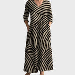 Bring timeless charm to your wardrobe with the Eve Vintage Stripe Dress. Featuring a flattering V-neckline and a classic striped design, this ankle-length dress combines elegance with everyday ease. With its soft fabric and practical side pockets, it’s the perfect choice for both casual outings and relaxed days in style.
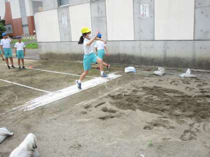1学期最後の授業で走り幅跳びを行いました。子供たち一人一人が目標をもち、その目標を達成するために、歩幅や跳ぶときのリズムに気を付けて何度も連習する姿が見られました。子供たちは、「今以上の記録を出せるようになりたい」とやる気に満ちあふれています。
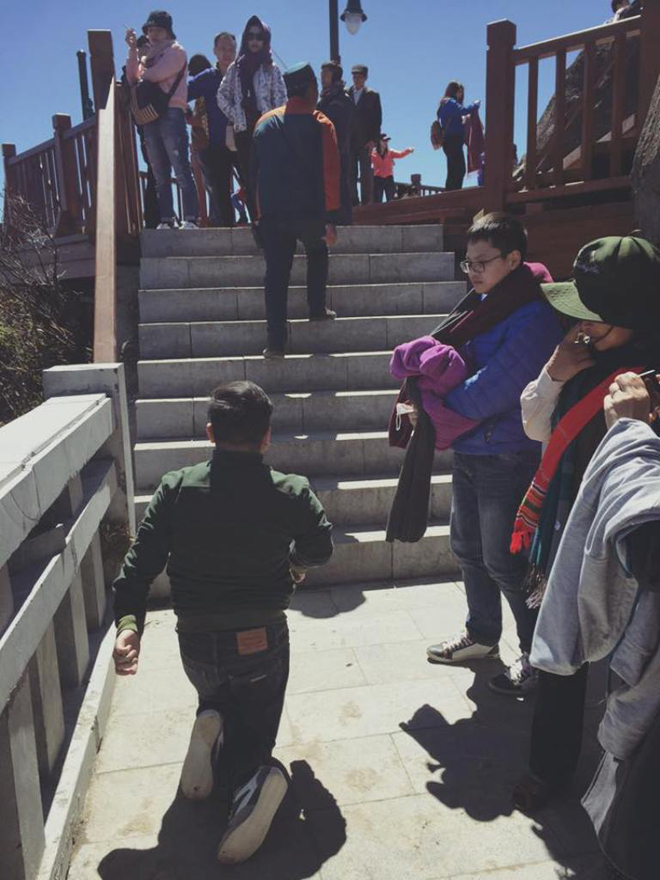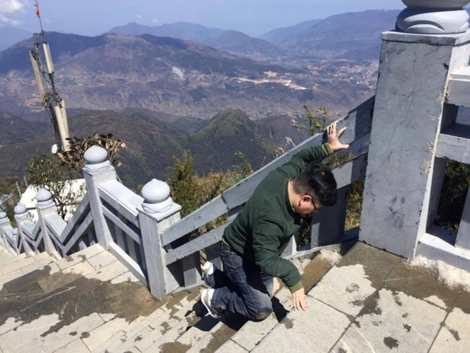 “Bắt đầu phải bỏ xe lăn lại phía sau để lên đỉnh, tôi phải qua khoảng hơn 600 bậc đá nữa. Những bậc đá đó không thấp và dễ đi như ở cực Bắc Lũng Cú, mà cao khoảng 20 cm, và sâu chỉ khoảng 15 cm.

= = = =

● AIM OF THE TASK
Print the complete listing exactly as it stands, without its pictures.

● RESULT FOR THIS EXERCISE
 Bring timeless charm to your wardrobe with the Eve Vintage Stripe Dress. Featuring a flattering V-neckline and a classic striped design, this ankle-length dress combines elegance with everyday ease. With its soft fabric and practical side pockets, it’s the perfect choice for both casual outings and relaxed days in style.
1学期最後の授業で走り幅跳びを行いました。子供たち一人一人が目標をもち、その目標を達成するために、歩幅や跳ぶときのリズムに気を付けて何度も連習する姿が見られました。子供たちは、「今以上の記録を出せるようになりたい」とやる気に満ちあふれています。
 “Bắt đầu phải bỏ xe lăn lại phía sau để lên đỉnh, tôi phải qua khoảng hơn 600 bậc đá nữa. Những bậc đá đó không thấp và dễ đi như ở cực Bắc Lũng Cú, mà cao khoảng 20 cm, và sâu chỉ khoảng 15 cm.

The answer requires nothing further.